2. **Cache key composition.** Old version used URL path parts joined by `_`, ignoring query string. Keep that, or include query string in the key (so `?page=2` caches separately)?

3. **Field naming.** Stick with `expires_after_minutes` to mirror the old name, or rename to `ttl_seconds` / `expires_in` to match the rest of the codebase's TTL conventions (the existing `cache()` utility uses `ttl` in seconds)?

4. **Scope.** Only `res.render` (pages), or also expose for `res.render_email`? I'd recommend pages only.

My recommendation: **1b** (use existing `cache()` utility), **2** include query string, **3** keep `expires_after_minutes` for ergonomics, **4** pages only. Let me know what you want.

To me, this is magic. This type of work would have required me to put aside a day (or at least a couple of hours) to dig through the project, wrap my head around how the thing worked, and figure out the best approach to getting it migrated. Instead, I just looked at the LLM like grep, but with a pseudo-brain bolted on.

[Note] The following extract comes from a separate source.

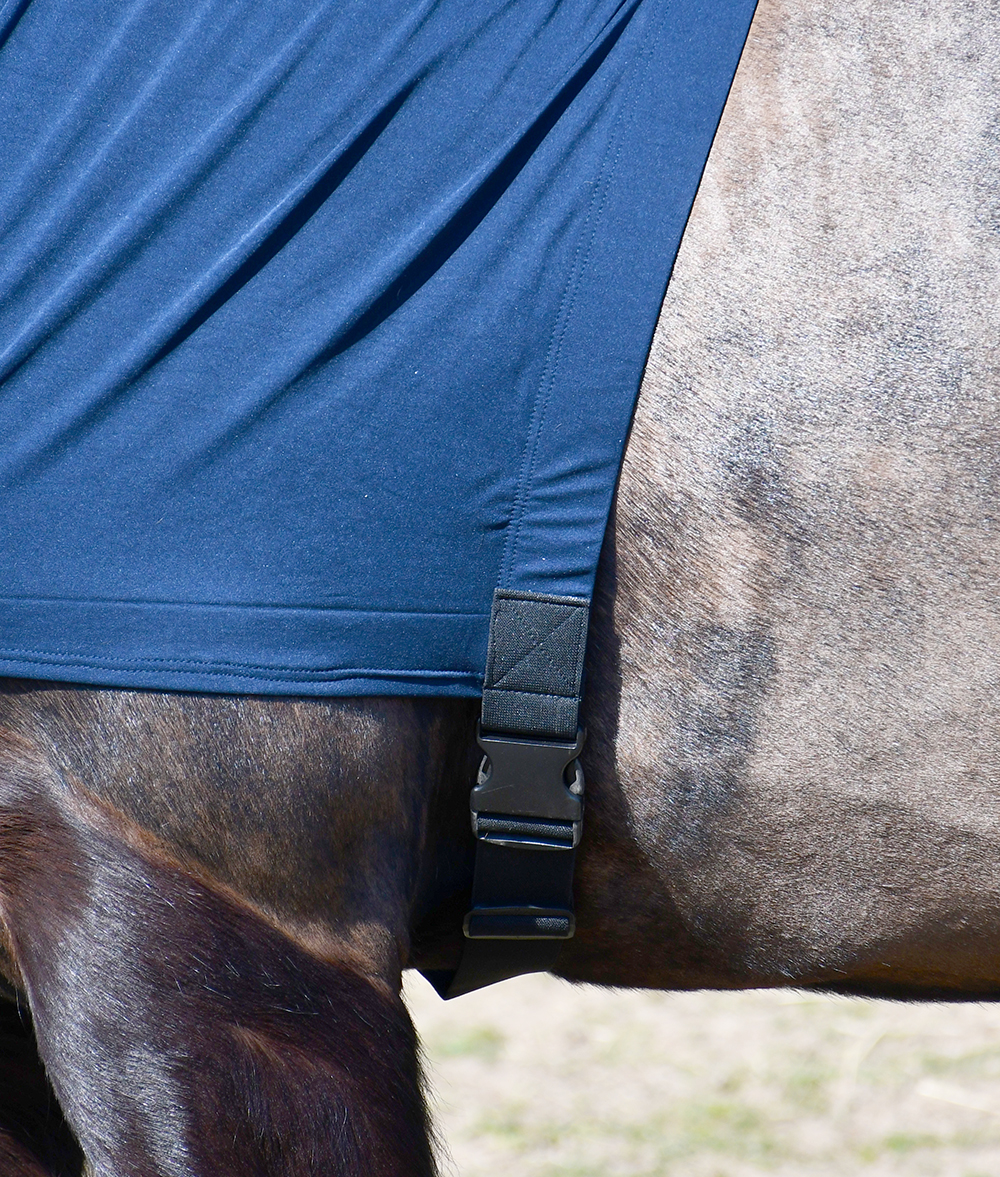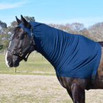 Full horse neck cover, with girth strap, robust neck zip with zip guard, and holes for ears.

Is this a Shocking New Insight That All The Brightest Minds Are Discussing This Very Second?

No. But I think these are the types of benefits of AI/LLMs that we should be discussing when asking "how does AI fit in here?" Reducing the time to think is tremendous, even if the outcome is that I end up writing the actual implementation by hand.

This isn't a "Mythos one-shotted Mario Kart for N64" type of "discovery," but it is the sober "once the Kool-Aid wears off and the lights come up, this is likely where the chips fall" take. Instead of AI being a genie in a bottle, it's like going from cord-to-wireless.

If you're approaching AI usage like me (human-in-the-loop, turn-based) and you're not already using LLMs like this, give it a shot. I've even used this approach for non-technical stuff and it works wonders.